▸ **WHAT YOU HAVE TO DO**
Only the pictures are to be omitted; everything else in the listing must be reproduced exactly.

▸ **DATASET EXCERPT**
=== Begin Enclosure ===
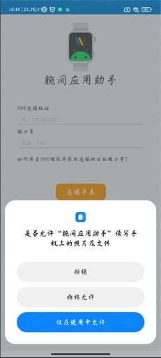 1.安装腕间应用助手在手机上,打开软件,授予读取文件的权限;
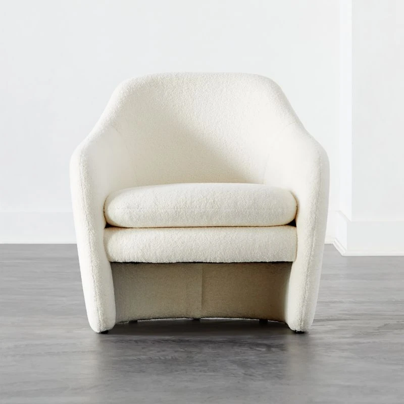 Luxe boucle hugs every curve of this vintage Italian-inspired chair by Balutto Associati. Soft and inviting, seat makes a gorgeous statement in the bedroom or living room. CB2 exclusive.
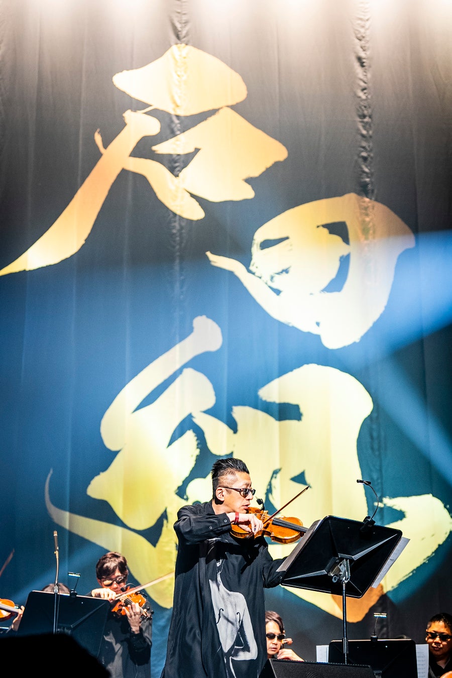 南スタンドに腰をおろすと、ステージが眼前に広がる。左右に置かれた巨大スクリーン、バックに掲げられた武田双雲の筆による「石田組」のロゴ、それに数え切れないほどの照明が仕込んであるようだ。武道館というハコに真っ向から挑むような舞台の構えに期待が一気に膨らむ。開演時刻になると客電が落ち、歓声が上がる。紫色の灯りの中に登場した出演者陣(組員)が低くイントロを刻み始める。「BATTLE WITHOUT HONOR OR HUMANITY」(布袋寅泰)だ。やおらステージ中央に後光が差すと、ゆっくりと石田泰尚が登場。組員は全員サングラスを着けている。のっけからこれほど歌舞くとは!呆気にとられている内に、コンサートは「天国への階段」(レッド・ツェッペリン)、「スターゲイザー」(レインボー)と70年代ハードロックのレパートリーが続く。そういえばこの日取り上げられたバンドは、後半のU.K.を除けば皆武道館でのライブを行なっている。「天国への階段」では照明の演出により教会でカンタータを聴いているような雰囲気を作っていく。ジミー・ペイジのあのギターソロは辻本玲(チェロ)、中村洋乃理(ヴィオラ)、佐久間聡一(第1ヴァイオリン)、双紙正哉(第2ヴァイオリン)のトップ奏者によるソロで繋ぐ。石田組は音楽を通して各メンバーにスポットを当てていくのが本当にうまい。「スターゲイザー」ではディストーションや太い音圧がPAを通してしっかりと響く。ケルト〜中東という流れに続いて、「亡き王女のためのパヴァーヌ」(ラヴェル)、「火祭りの踊り」(ファリャ)、「ファランドール」(ビゼー)と、クラシックナンバーを通じてエキゾチックな雰囲気が会場を覆う。「ファランドール」はこの日最初のピークを刻んだ。
=== End Enclosure ===
▸ **SOLUTION TO THE EXERCISE**
 1.安装腕间应用助手在手机上,打开软件,授予读取文件的权限;
 Luxe boucle hugs every curve of this vintage Italian-inspired chair by Balutto Associati. Soft and inviting, seat makes a gorgeous statement in the bedroom or living room. CB2 exclusive.
 南スタンドに腰をおろすと、ステージが眼前に広がる。左右に置かれた巨大スクリーン、バックに掲げられた武田双雲の筆による「石田組」のロゴ、それに数え切れないほどの照明が仕込んであるようだ。武道館というハコに真っ向から挑むような舞台の構えに期待が一気に膨らむ。開演時刻になると客電が落ち、歓声が上がる。紫色の灯りの中に登場した出演者陣(組員)が低くイントロを刻み始める。「BATTLE WITHOUT HONOR OR HUMANITY」(布袋寅泰)だ。やおらステージ中央に後光が差すと、ゆっくりと石田泰尚が登場。組員は全員サングラスを着けている。のっけからこれほど歌舞くとは!呆気にとられている内に、コンサートは「天国への階段」(レッド・ツェッペリン)、「スターゲイザー」(レインボー)と70年代ハードロックのレパートリーが続く。そういえばこの日取り上げられたバンドは、後半のU.K.を除けば皆武道館でのライブを行なっている。「天国への階段」では照明の演出により教会でカンタータを聴いているような雰囲気を作っていく。ジミー・ペイジのあのギターソロは辻本玲(チェロ)、中村洋乃理(ヴィオラ)、佐久間聡一(第1ヴァイオリン)、双紙正哉(第2ヴァイオリン)のトップ奏者によるソロで繋ぐ。石田組は音楽を通して各メンバーにスポットを当てていくのが本当にうまい。「スターゲイザー」ではディストーションや太い音圧がPAを通してしっかりと響く。ケルト〜中東という流れに続いて、「亡き王女のためのパヴァーヌ」(ラヴェル)、「火祭りの踊り」(ファリャ)、「ファランドール」(ビゼー)と、クラシックナンバーを通じてエキゾチックな雰囲気が会場を覆う。「ファランドール」はこの日最初のピークを刻んだ。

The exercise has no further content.